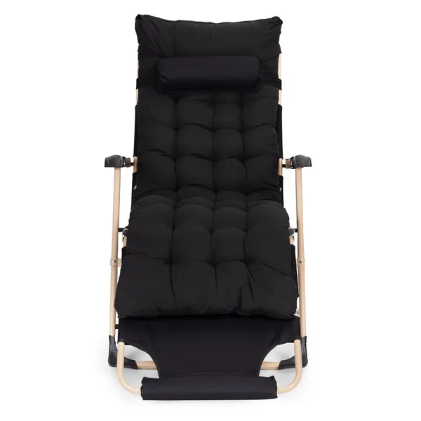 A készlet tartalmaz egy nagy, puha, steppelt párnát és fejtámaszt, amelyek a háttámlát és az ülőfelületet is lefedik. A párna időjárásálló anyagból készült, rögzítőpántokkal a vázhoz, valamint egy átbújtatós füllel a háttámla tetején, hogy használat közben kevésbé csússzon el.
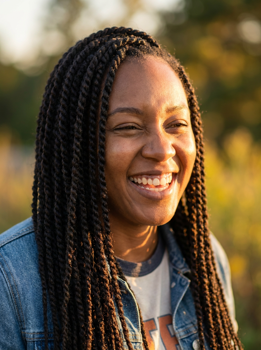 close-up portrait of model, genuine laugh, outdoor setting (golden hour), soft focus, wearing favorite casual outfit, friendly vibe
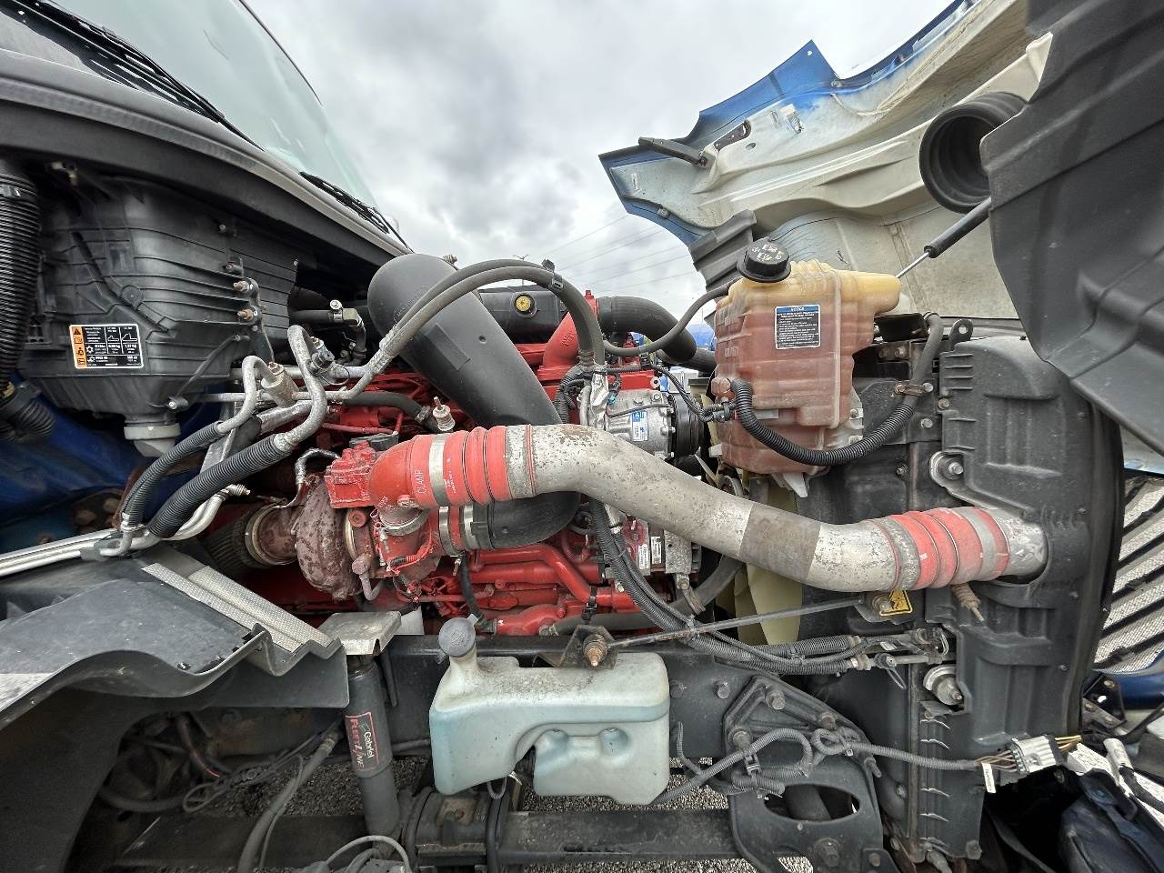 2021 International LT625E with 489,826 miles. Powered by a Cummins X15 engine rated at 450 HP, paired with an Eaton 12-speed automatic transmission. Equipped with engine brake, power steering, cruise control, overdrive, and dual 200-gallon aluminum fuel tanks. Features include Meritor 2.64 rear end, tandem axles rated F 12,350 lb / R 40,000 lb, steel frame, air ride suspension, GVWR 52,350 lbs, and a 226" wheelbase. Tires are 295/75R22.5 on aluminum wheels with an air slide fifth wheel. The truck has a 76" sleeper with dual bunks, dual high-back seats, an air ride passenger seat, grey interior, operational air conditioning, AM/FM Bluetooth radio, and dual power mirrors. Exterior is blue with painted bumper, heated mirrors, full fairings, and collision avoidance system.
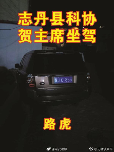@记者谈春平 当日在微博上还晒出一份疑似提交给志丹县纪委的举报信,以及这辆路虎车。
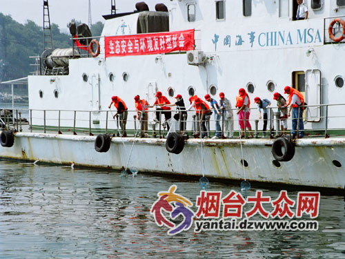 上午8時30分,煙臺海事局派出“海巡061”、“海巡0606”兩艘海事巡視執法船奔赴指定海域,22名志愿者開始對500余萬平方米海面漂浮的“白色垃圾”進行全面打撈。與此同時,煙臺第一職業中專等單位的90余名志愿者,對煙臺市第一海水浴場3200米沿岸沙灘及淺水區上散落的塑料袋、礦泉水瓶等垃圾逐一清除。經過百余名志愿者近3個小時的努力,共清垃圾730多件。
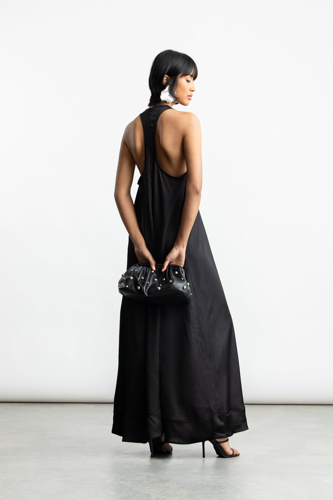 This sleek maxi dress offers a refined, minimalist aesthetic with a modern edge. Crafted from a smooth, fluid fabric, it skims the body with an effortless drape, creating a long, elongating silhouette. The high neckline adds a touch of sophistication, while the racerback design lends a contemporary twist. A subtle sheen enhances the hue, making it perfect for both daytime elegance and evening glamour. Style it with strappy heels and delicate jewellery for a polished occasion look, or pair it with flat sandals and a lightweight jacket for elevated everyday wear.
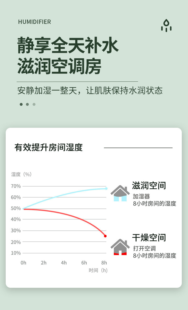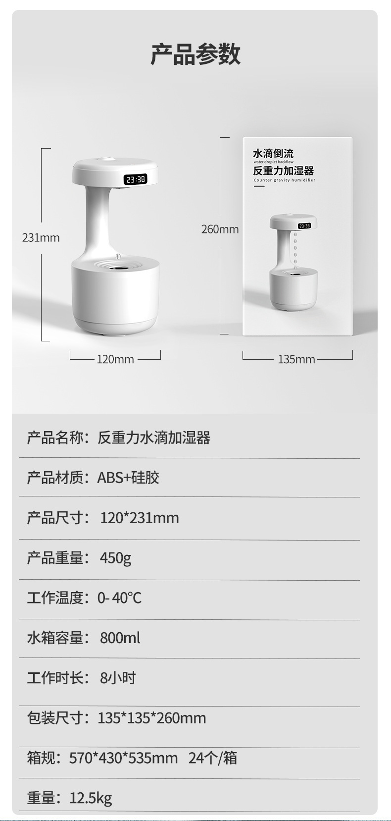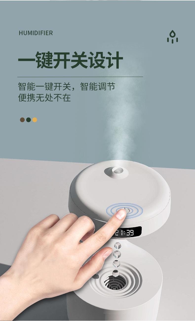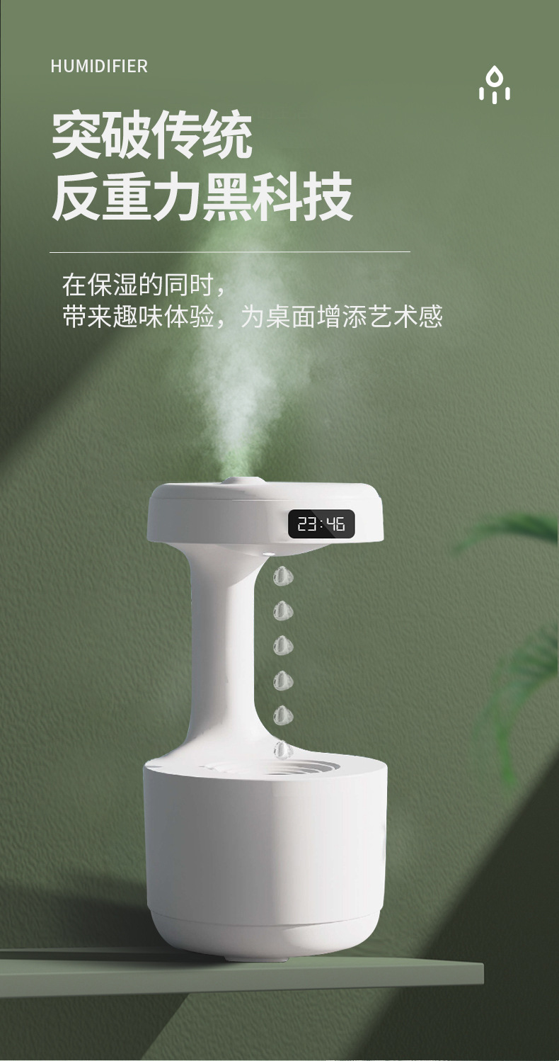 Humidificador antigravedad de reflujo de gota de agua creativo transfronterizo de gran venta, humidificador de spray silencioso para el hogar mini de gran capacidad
----------------------------------------
Task directions
Drop the images; restate the listing exactly.

Answer for this exercise
 A készlet tartalmaz egy nagy, puha, steppelt párnát és fejtámaszt, amelyek a háttámlát és az ülőfelületet is lefedik. A párna időjárásálló anyagból készült, rögzítőpántokkal a vázhoz, valamint egy átbújtatós füllel a háttámla tetején, hogy használat közben kevésbé csússzon el.
 close-up portrait of model, genuine laugh, outdoor setting (golden hour), soft focus, wearing favorite casual outfit, friendly vibe
 2021 International LT625E with 489,826 miles. Powered by a Cummins X15 engine rated at 450 HP, paired with an Eaton 12-speed automatic transmission. Equipped with engine brake, power steering, cruise control, overdrive, and dual 200-gallon aluminum fuel tanks. Features include Meritor 2.64 rear end, tandem axles rated F 12,350 lb / R 40,000 lb, steel frame, air ride suspension, GVWR 52,350 lbs, and a 226" wheelbase. Tires are 295/75R22.5 on aluminum wheels with an air slide fifth wheel. The truck has a 76" sleeper with dual bunks, dual high-back seats, an air ride passenger seat, grey interior, operational air conditioning, AM/FM Bluetooth radio, and dual power mirrors. Exterior is blue with painted bumper, heated mirrors, full fairings, and collision avoidance system.
@记者谈春平 当日在微博上还晒出一份疑似提交给志丹县纪委的举报信,以及这辆路虎车。
 上午8時30分,煙臺海事局派出“海巡061”、“海巡0606”兩艘海事巡視執法船奔赴指定海域,22名志愿者開始對500余萬平方米海面漂浮的“白色垃圾”進行全面打撈。與此同時,煙臺第一職業中專等單位的90余名志愿者,對煙臺市第一海水浴場3200米沿岸沙灘及淺水區上散落的塑料袋、礦泉水瓶等垃圾逐一清除。經過百余名志愿者近3個小時的努力,共清垃圾730多件。
 This sleek maxi dress offers a refined, minimalist aesthetic with a modern edge. Crafted from a smooth, fluid fabric, it skims the body with an effortless drape, creating a long, elongating silhouette. The high neckline adds a touch of sophistication, while the racerback design lends a contemporary twist. A subtle sheen enhances the hue, making it perfect for both daytime elegance and evening glamour. Style it with strappy heels and delicate jewellery for a polished occasion look, or pair it with flat sandals and a lightweight jacket for elevated everyday wear.
 Humidificador antigravedad de reflujo de gota de agua creativo transfronterizo de gran venta, humidificador de spray silencioso para el hogar mini de gran capacidad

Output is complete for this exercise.